Yambunera
- Cover page of the book
- Author: Bina Theeng
- Original title: याम्बुनेर
- Language: Nepali
- Genre: Short stories
- Set in: In and around Kathmandu
- Published: 2020
- Publisher: Phoenix Books
- Publication date: August 26, 2020
- Publication place: Nepal
- Media type: Print (Paperback)
- Pages: 173
- ISBN: 9789937705516
- Preceded by: Rato Ghar

= Yambunera =

2020 Nepali book by Bina Theeng Tamang

Yambunera (याम्बुनेर) is a 2020 short stories collection by Bina Theeng. It was published on August 26, 2020 by Phoenix Books.

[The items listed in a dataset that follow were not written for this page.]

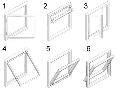 1. Ouverture latérale : le plus répandu, s’ouvre sur le côté.2. Top Light : vitrage fixe surmonté d’un châssis à charnière en haut.3. Pliant coulissant : le vantail se plie, libérant un large passage.4. Auvent : articulation en haut, pratique sous la pluie.5. Hung/trémie : charnière en bas, souvent choisi pour les sous-sols.6. Pivot central : articulation médiane, permet une ouverture généreuse sans empiéter sur l’espace intérieur.
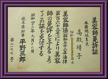美容師免許証
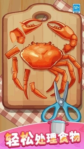 全流程料理操作:手指滑动完成切菜(划线分块)、煎炒(控制火候圈)、摆盘(自由拖拽装饰)。
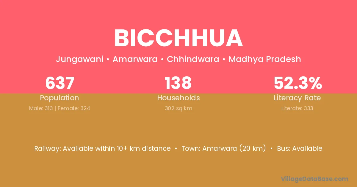 Amarwara (20 km) is the nearest town to Bicchhua village for major economic activities and is located approximately 20 km away.
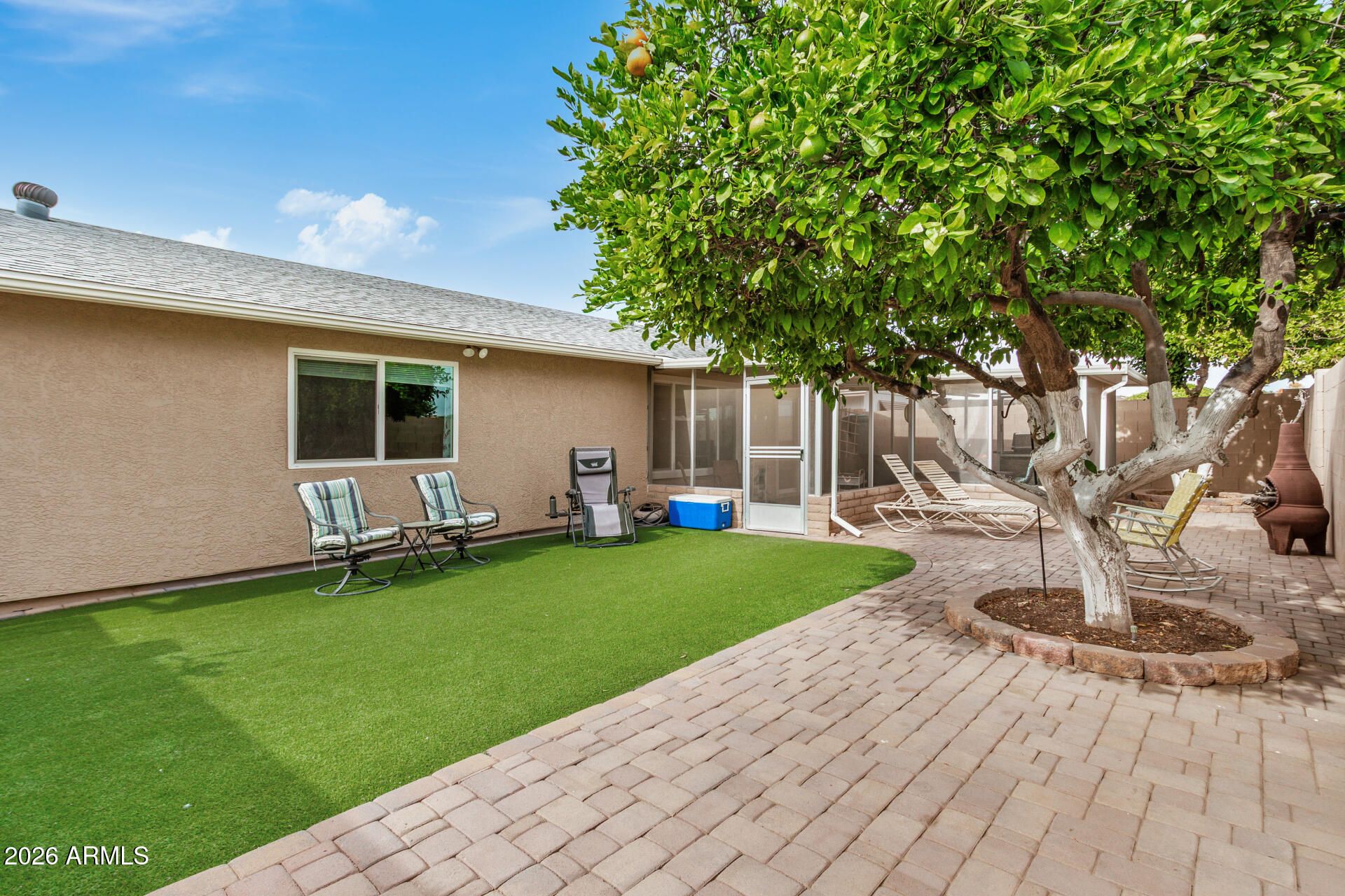 The home in Fountain of the Sun you've been waiting for! 3 BR, 2BTH, 2 car garage, huge kitchen and laundry room w/ new W/D. Updated kitchen with stainless steel appliances including wine fridge and both bathrooms nicely updated. New doors, all new windows, luxury vinyl flooring, fresh paint inside and out, garage storage cabinets. Water softener, all new fixtures throughout. Maricopa floor plan. Large open front courtyard and covered and screened back patio with new awning. Sliding doors in dining room open to your peaceful back yard with a 6 ft block fence for privacy and a safe space for your pet. New turf and paver back yard. A delicious tangelo and navel orange tree with irrigation. Quiet cul-de-sac street. Enjoy all of the FOS amenities, golf, dining, pickleball, activities
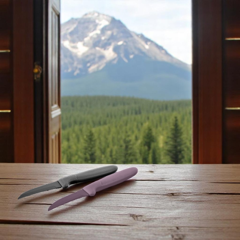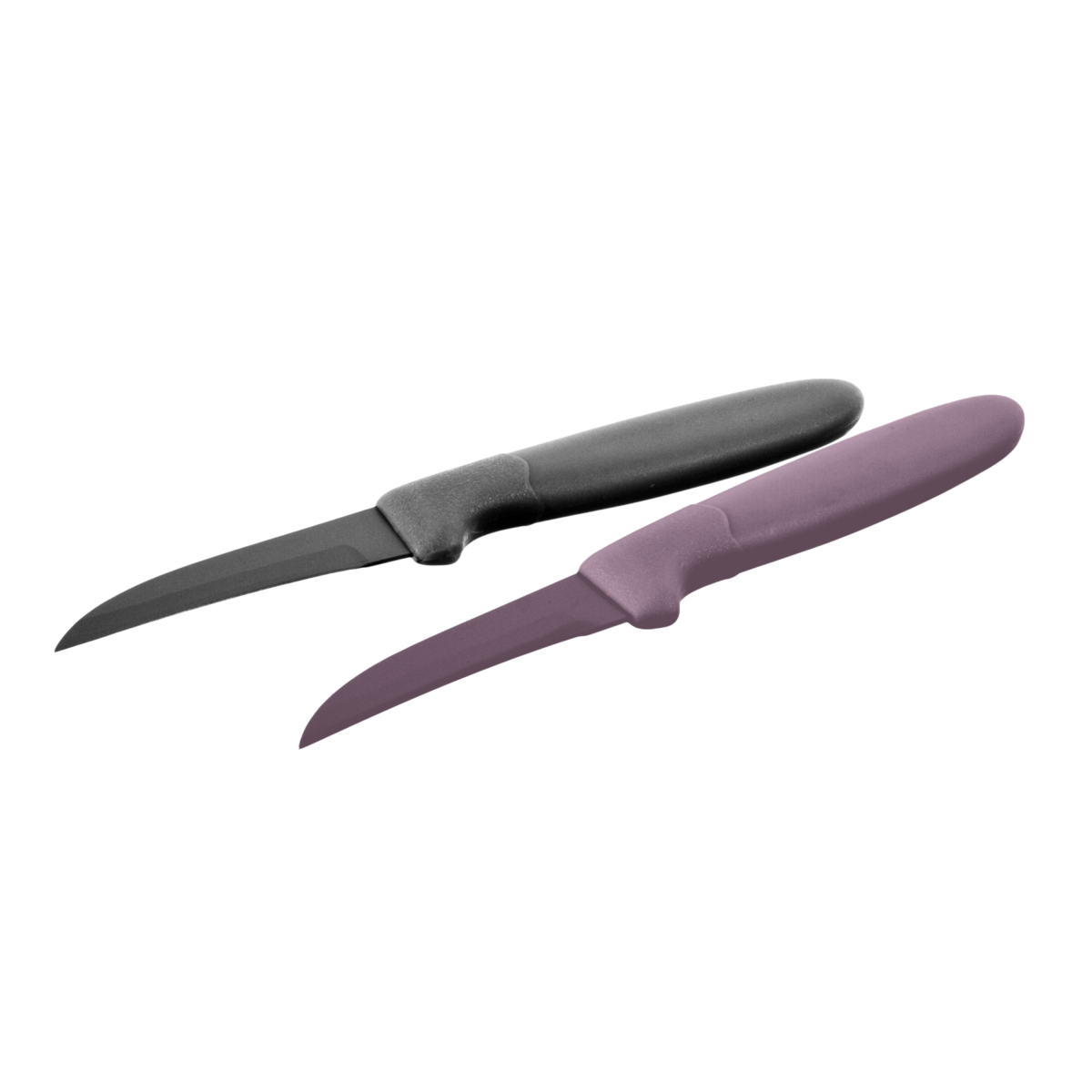 A kényelmes műanyag nyél kétféle színváltozatban – lila és fekete – érhető el, így a stílusodhoz és konyhádhoz is könnyen igazítható. A kés kis mérete és könnyű kezelhetősége révén tökéletes választás lehet mindennapi használatra.

It is the third book of the author. The book consists of 13 stories.

== Synopsis ==
Yambu is the name of Kathmandu in Tamang language. Yambunera means the area around Kathmandu valley. The stories in the book are centered in and around Kathmandu valley. The stories are about people who have been marginalized and been neglected by the state.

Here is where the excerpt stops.